受精卵の周期的動態が非対称性と体軸を生み出す原理の解明

計画研究

研究領域細胞システムの自律周期とその変調が駆動する植物の発生
研究課題/領域番号 19H05676
研究機関東北大学

研究代表者

植田 美那子  東北大学, 生命科学研究科, 教授 (20598726)

研究期間 (年度) 2019-06-28 – 2024-03-31
キーワード植物受精卵 / 細胞伸長 / ライブイメージング
研究実績の概要

受精卵は多細胞生物における個体発生の原点である。しかし植物では、受精卵や初期胚が体軸形成を行う過程において、細胞内でどのような変化が起こるのか、特に、周期的な動態がどのように変調・制御されるのか、ほとんど分かっていなかった。その理由としては、被子植物の花の奥深くに存在する受精卵や胚を生きたまま観察する手法がなかったことと、従来の遺伝学的スクリーニングは、致死性や冗長性のために鍵遺伝子を見出すには不充分だった点が挙げられる。そんななか、研究代表者らはシロイヌナズナを用いて、細胞内動態の詳細なライブイメージングを進めた。特に、精細胞と卵細胞の融合点と受精卵の成長方向と一致するかを調べるために、まず精細胞の最外層を高輝度に蛍光標識するマーカー株を作出した(Shiba et. al., 2023)。この精細胞マーカーと卵細胞の細胞膜を標識した株を掛け合わせ、受精後の動態を詳細にライブイメージングした結果、精細胞と卵細胞が融合した部位に精細胞膜の残骸が持続的に観察され、精細胞侵入点の位置を追跡可能であることが判明した。この点を画像解析によって詳細にトラッキングした結果、受精卵の細胞成長点と一致することが判明した。さらに、受精卵の細胞膜と核を蛍光標識した株についてもライブイメージングを行い、精緻に定量化した結果、受精卵は一定の速度で細胞伸長したあと、一過的に速度を増加させた後に非対称分裂するという、変調を経ることを見出した(Kang et. al., 2023)。加えて、受精卵のライブイメージング系を用いて化合物スクリーニングを行った結果、微小管の配向変化を乱すことで核の分裂を阻害する薬剤や、細胞板の形成不全を引き起こすことで細胞質分裂を阻害する薬剤を得た。これら薬剤の標的候補も探索した結果、キネシンなどの細胞骨格制御因子を見出した(Kimata et. al., 2023)。

現在までの達成度 (区分)
現在までの達成度 (区分)

2: おおむね順調に進展している

理由

研究代表者らが独自に立ち上げた植物受精卵の精緻なライブイメージング系を駆使し、さまざまな動態と変化を見出して成果発表に至った。加えて、化合物スクリーニングによって得られた薬剤や因子の解析も順調に進行しており、新たな機構が明らかになりつつある。

今後の研究の推進方策

見出した事象や制御因子の役割を詳細に検討する。
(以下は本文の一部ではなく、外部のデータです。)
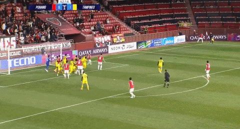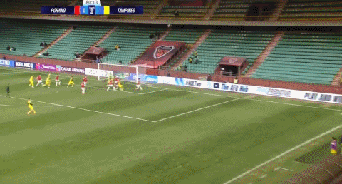 87’赵尚赫跟进射门破门,浦项铁人扳平赛果分,暂1-1淡滨尼流浪者
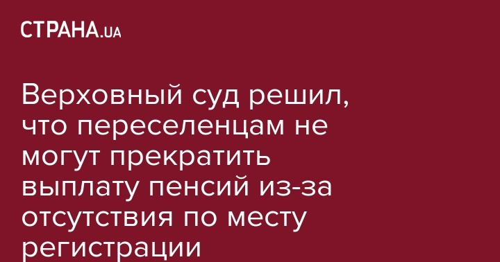 Верховный Суд Украины при рассмотрении дела № 263/7763/17 разъяснил, что нельзя прекратить выплачивать пенсии переселенцам ввиду их отсутствия по месту жительства. Постановление по делу № 263/7763/17 (К/9901/202/17) было вынесено 6 февраля.
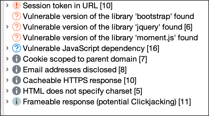 List of vulnerabilities found by the scanner does not have the above mentioned vulnerability.
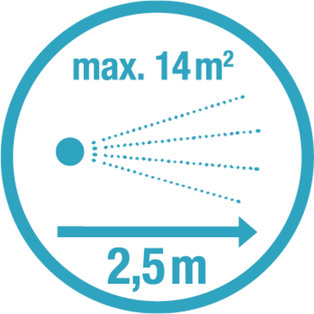 | 180° sprutmunstycke | 2,5 m | 14 m² |
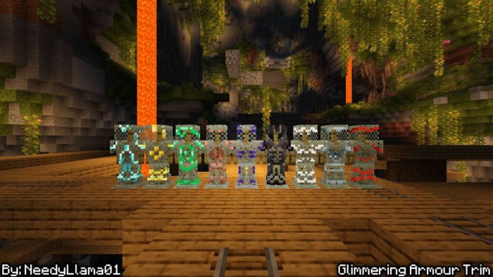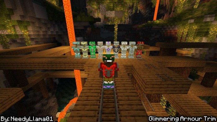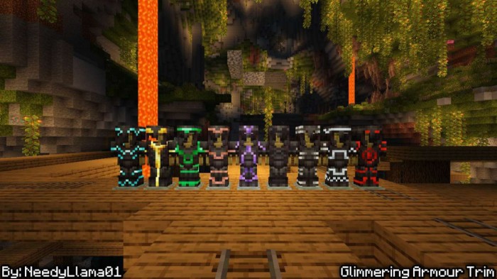 As texturas Padrões de armaduras iluminadas são a melhor maneira de ser o mais visível no mundo do Minecraft. Não é segredo que recentemente vários padrões aplicados a equipamentos apareceram no jogo. Mas há uma oportunidade de tornar a armadura ainda mais legal e brilhante. Essas texturas iluminarão esses padrões com luz LED brilhante, resultando em seu herói se tornando o personagem mais elegante e visível.
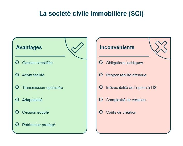 Pour résumer le fonctionnement d'une SCI, c'est une entité juridique permettant la gestion d'un patrimoine immobilier et elle peut être formée par au moins deux associés. Le capital social est constitué par les apports des associés et est divisé en parts sociales, détenues proportionnellement aux apports de chaque associé. La SCI est dirigée par un gérant, choisi parmi les associés ou non, qu'il soit une personne physique ou morale. Au niveau de la fiscalité de la SCI, vous pouvez choisir entre l'impôt sur le revenu (IR) et l'impôt sur les sociétés (IS pour votre SCI. Enfin, la transmission des parts sociales est plus aisée que celle des biens en indivision, permettant une transmission simplifiée aux héritiers sans formalités complexes.
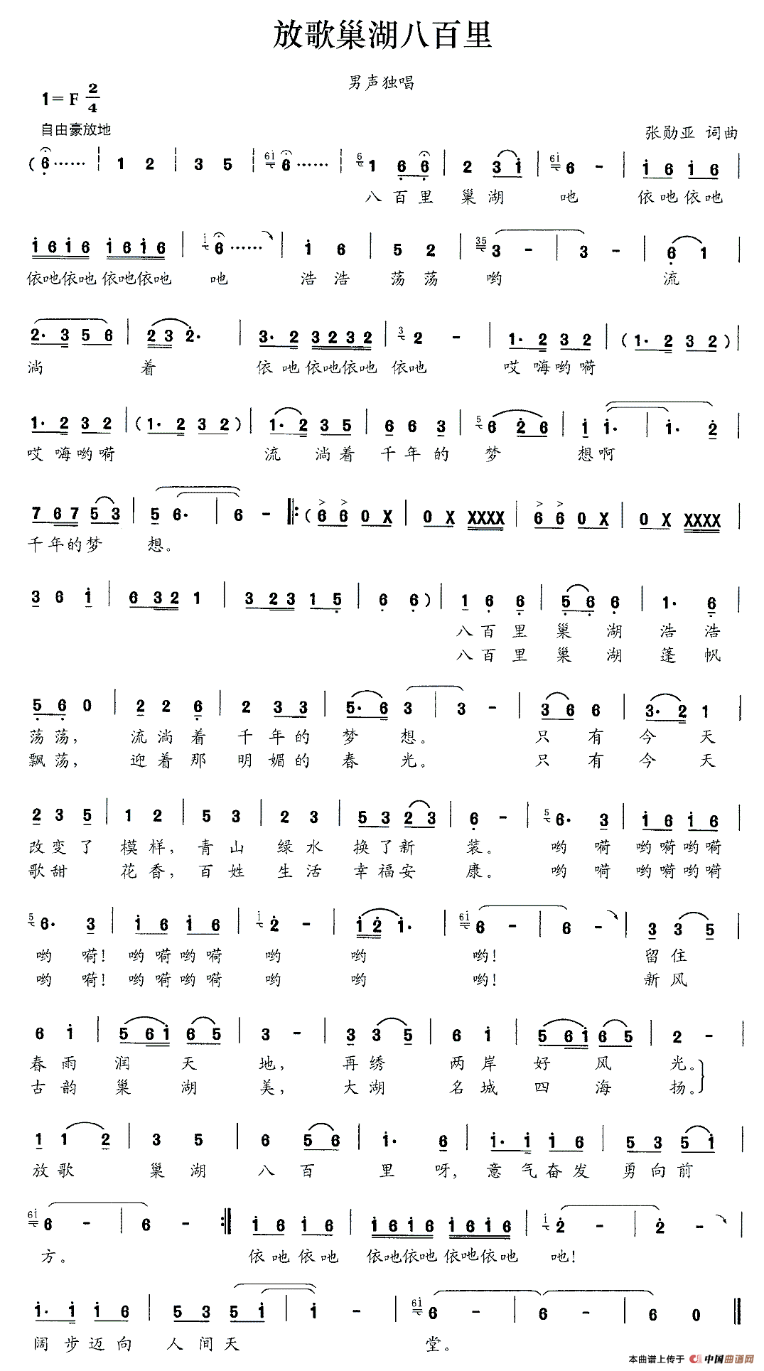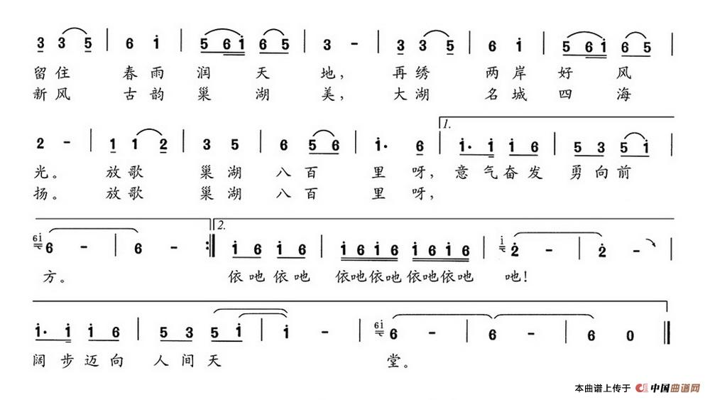 关于《放歌巢湖八百里》曲谱的评论
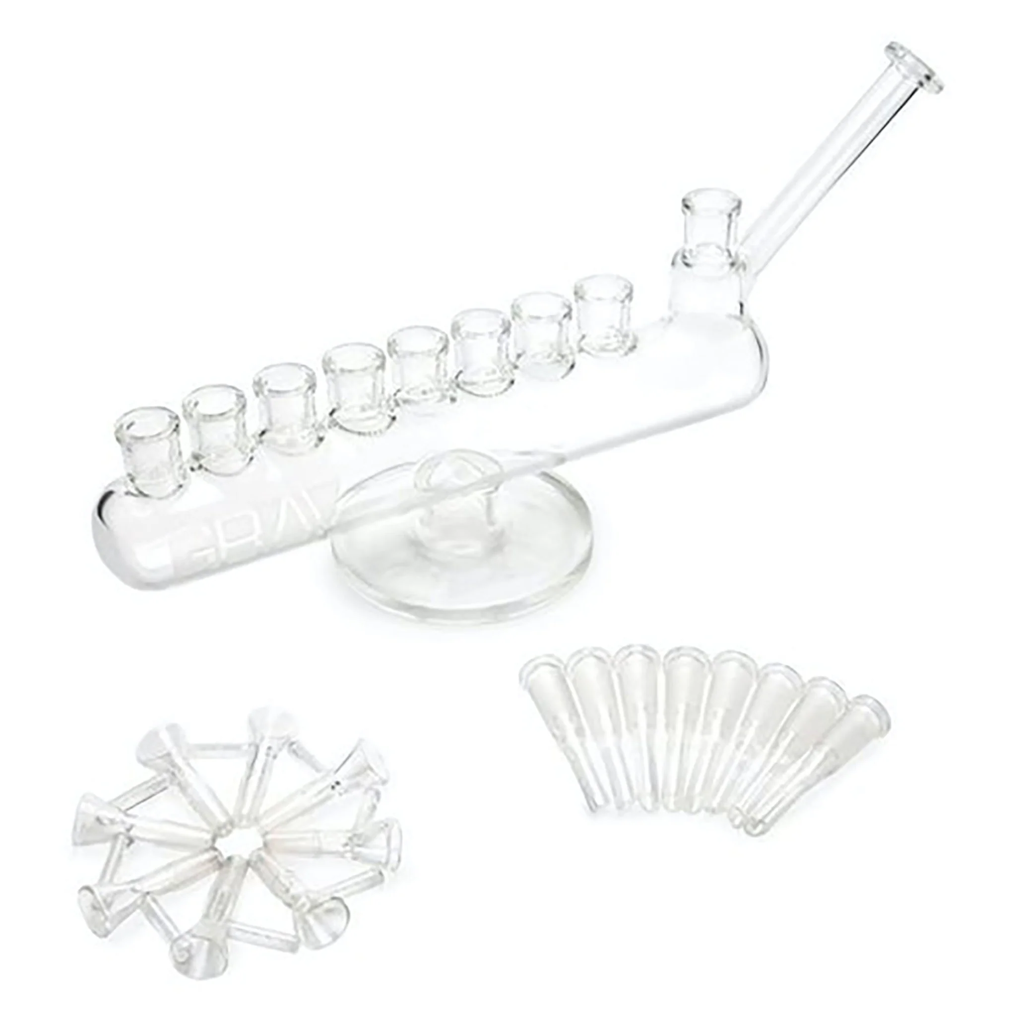 Push your limits, but don't be afraid to tap out since this unique bong produces insane rips that's equivalent to eight hits in one! Place the downstems and pack all eight of the included funnel-shaped bowls for an unforgettable smoking sesh with your friends. Everyone will want to test the power of the GRAV Menorah Bong for themselves and compete for the biggest rip of the night. This 14-inch long water bong is blown from high-quality transparent glass so you can watch all the smoke accumulate and bubbles form. To be extra sure that your giant bong rips don't pull up any dirty water, the mouthpiece is offset and angled away from the water chamber. Get ready for a hit you'll remember forever!

具体的には、受精卵の細胞伸長速度が変調させる時期と細胞周期進行が一致するかや、見出した薬剤が微小管配向に及ぼす影響を詳細にライブイメージングするとともに、画像解析手法も駆使して定量的に判定する。

  • 研究成果

    (6件)

すべて 2023 2022 その他

すべて 国際共同研究 (1件) 雑誌論文 (3件) (うち査読あり 3件) 学会発表 (1件) (うち招待講演 1件) 備考 (1件)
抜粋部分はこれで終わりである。